→ Task goal
What you return should match the listing exactly, minus its images.
[[ Provided material, beginning ]]
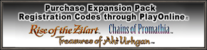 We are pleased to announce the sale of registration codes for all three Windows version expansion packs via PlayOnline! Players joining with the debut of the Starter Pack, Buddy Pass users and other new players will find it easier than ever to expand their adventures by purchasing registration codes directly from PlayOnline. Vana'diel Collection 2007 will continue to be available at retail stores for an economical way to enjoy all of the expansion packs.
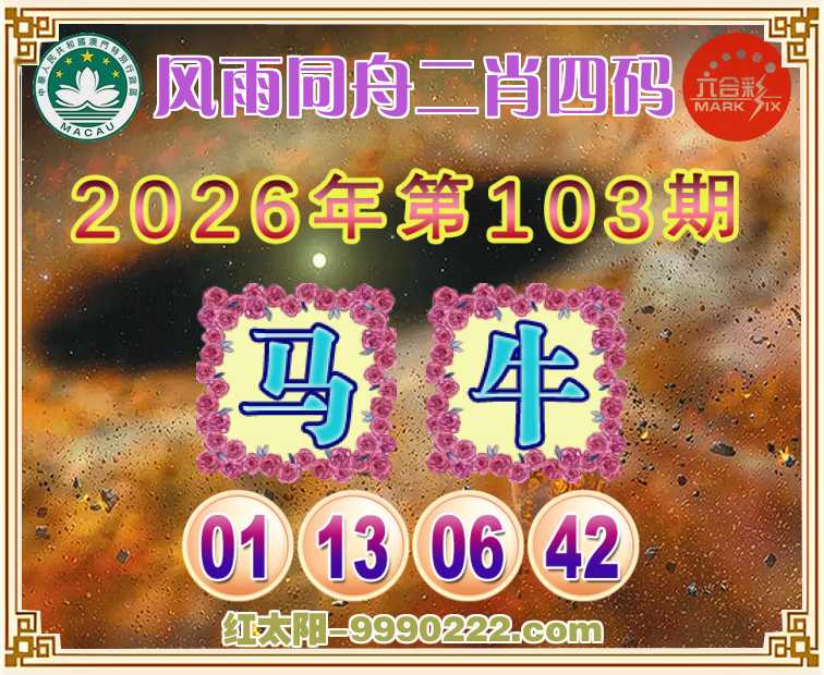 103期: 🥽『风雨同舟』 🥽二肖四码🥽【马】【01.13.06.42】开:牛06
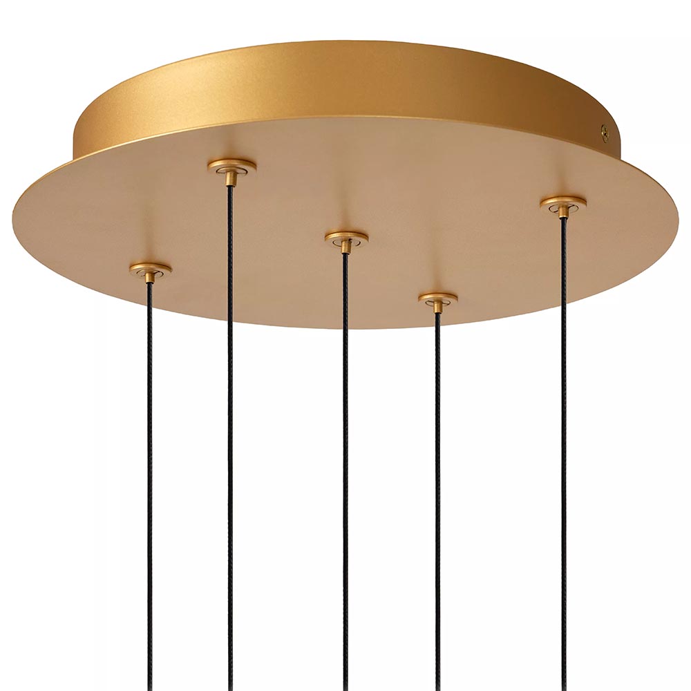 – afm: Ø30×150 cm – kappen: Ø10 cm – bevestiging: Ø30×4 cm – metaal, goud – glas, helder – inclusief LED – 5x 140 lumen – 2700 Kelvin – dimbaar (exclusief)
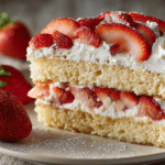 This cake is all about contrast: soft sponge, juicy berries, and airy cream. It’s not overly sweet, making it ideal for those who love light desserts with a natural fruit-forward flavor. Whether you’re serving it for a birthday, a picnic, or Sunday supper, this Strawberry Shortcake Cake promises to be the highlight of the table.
[[ Provided material, end ]]
→ Solution for this task
 We are pleased to announce the sale of registration codes for all three Windows version expansion packs via PlayOnline! Players joining with the debut of the Starter Pack, Buddy Pass users and other new players will find it easier than ever to expand their adventures by purchasing registration codes directly from PlayOnline. Vana'diel Collection 2007 will continue to be available at retail stores for an economical way to enjoy all of the expansion packs.
 103期: 🥽『风雨同舟』 🥽二肖四码🥽【马】【01.13.06.42】开:牛06
 – afm: Ø30×150 cm – kappen: Ø10 cm – bevestiging: Ø30×4 cm – metaal, goud – glas, helder – inclusief LED – 5x 140 lumen – 2700 Kelvin – dimbaar (exclusief)
 This cake is all about contrast: soft sponge, juicy berries, and airy cream. It’s not overly sweet, making it ideal for those who love light desserts with a natural fruit-forward flavor. Whether you’re serving it for a birthday, a picnic, or Sunday supper, this Strawberry Shortcake Cake promises to be the highlight of the table.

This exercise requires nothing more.